> **Exercise objective**: With the pictures left out, output the records below exactly.

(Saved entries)

::::::::::

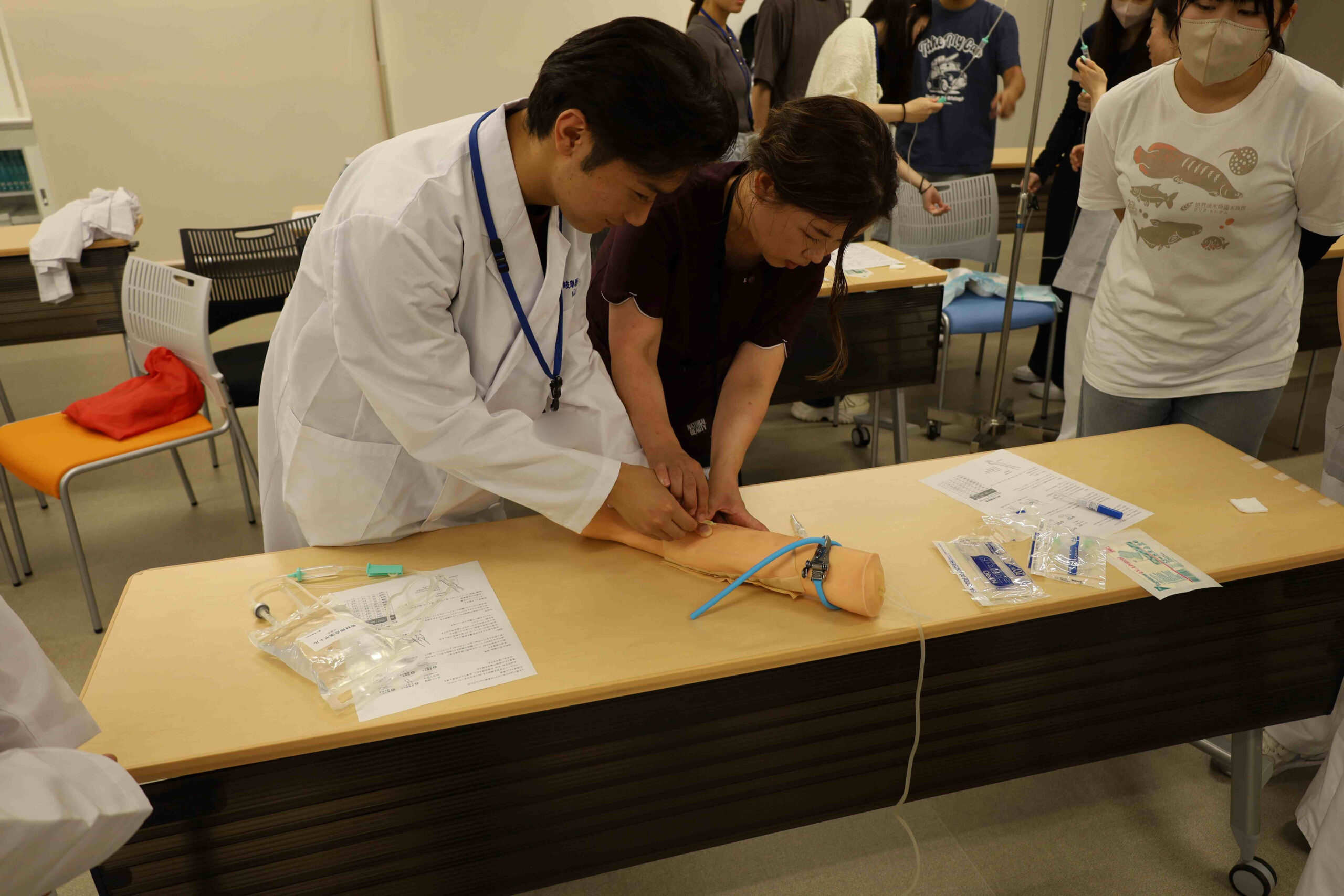 ・点滴体験を通して、針を刺す緊張感や患者さんの不安に寄り添う大切さを学びました。安全確認や清潔操作の重要性を実感し、看護師の責任の重さとやりがいを感じました。(薬学生)
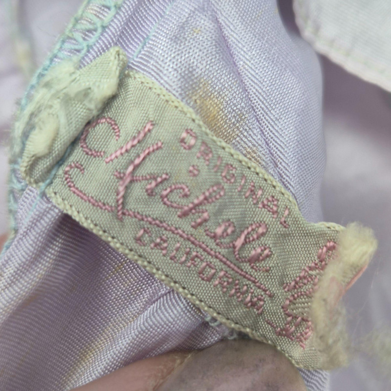 Also featured is a 19" girl doll with bright red hair wearing a lilac satin dress and marked with a Michele California tag, adding a touch of collectible interest.
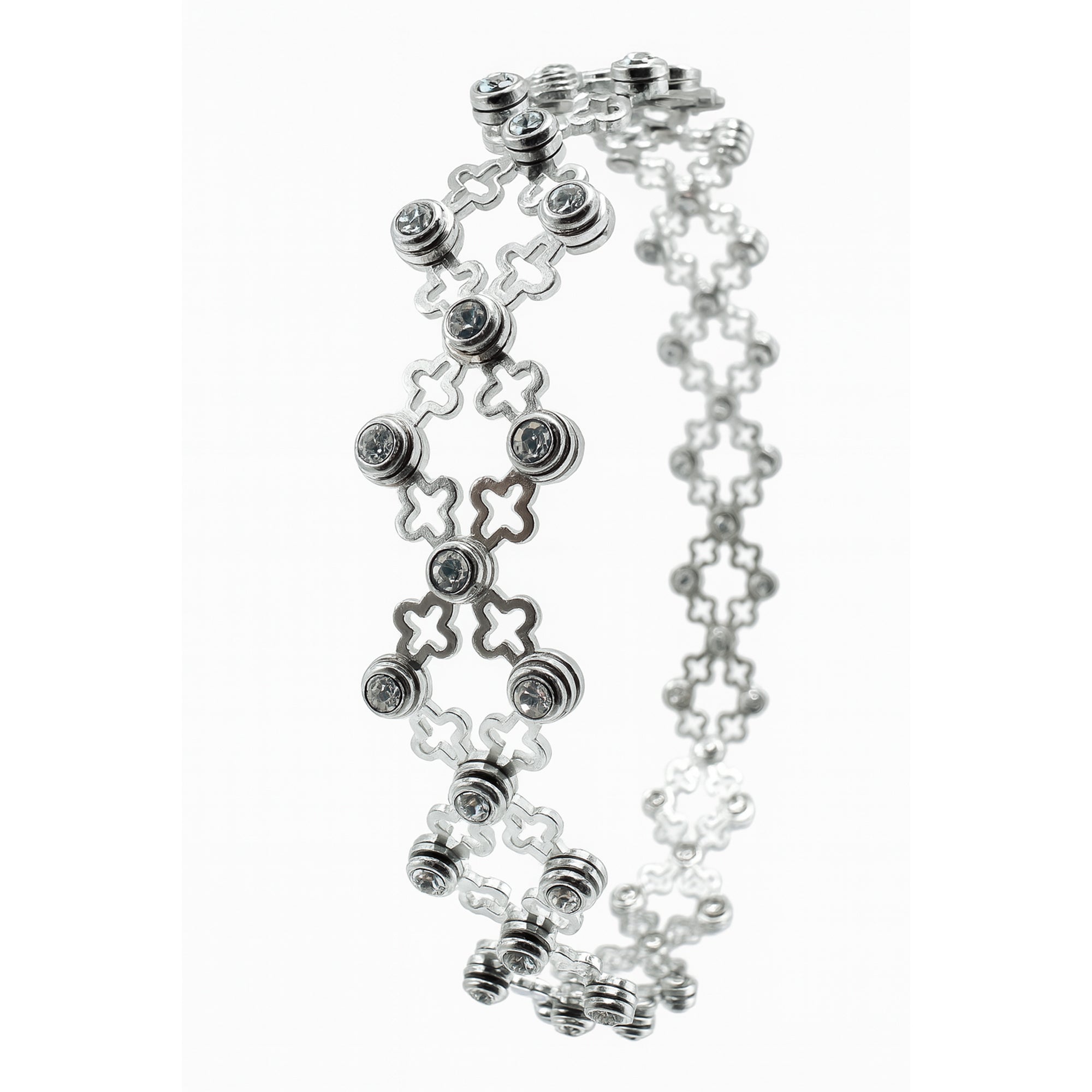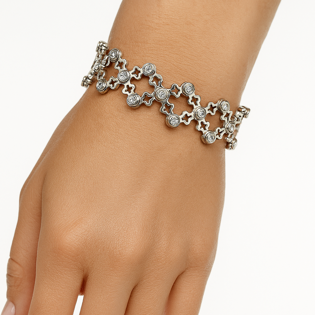 Brazalete Dos Usos Pulsera o Anillo 4 Flores con Circonias Plata .925 con Rodio
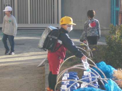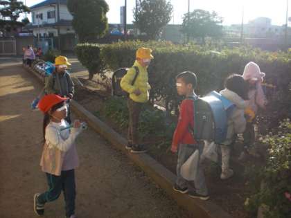 1年生は、元気に登校しています。 チューリップにもしっかり水をあげています。
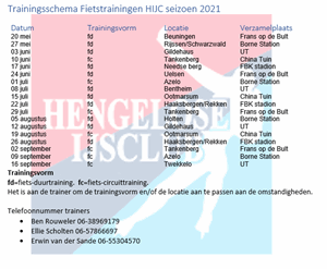 Nieuws, Zomer 2021 Inschrijven Wielertocht 25 september maandag 13 september 2021 Zaterdag 25 september organiseert de HIJC een prachtige, sportieve wielertocht. Met aansluitend een lekkere pastamaaltijd! Een prachtige afsluiting van het zomerseizoen! Je kunt kiezen uit twee... Inschrijven Wielertocht 25 september

::::::::::

> **Answer space**:
 ・点滴体験を通して、針を刺す緊張感や患者さんの不安に寄り添う大切さを学びました。安全確認や清潔操作の重要性を実感し、看護師の責任の重さとやりがいを感じました。(薬学生)
 Also featured is a 19" girl doll with bright red hair wearing a lilac satin dress and marked with a Michele California tag, adding a touch of collectible interest.
 Brazalete Dos Usos Pulsera o Anillo 4 Flores con Circonias Plata .925 con Rodio
 1年生は、元気に登校しています。 チューリップにもしっかり水をあげています。
 Nieuws, Zomer 2021 Inschrijven Wielertocht 25 september maandag 13 september 2021 Zaterdag 25 september organiseert de HIJC een prachtige, sportieve wielertocht. Met aansluitend een lekkere pastamaaltijd! Een prachtige afsluiting van het zomerseizoen! Je kunt kiezen uit twee... Inschrijven Wielertocht 25 september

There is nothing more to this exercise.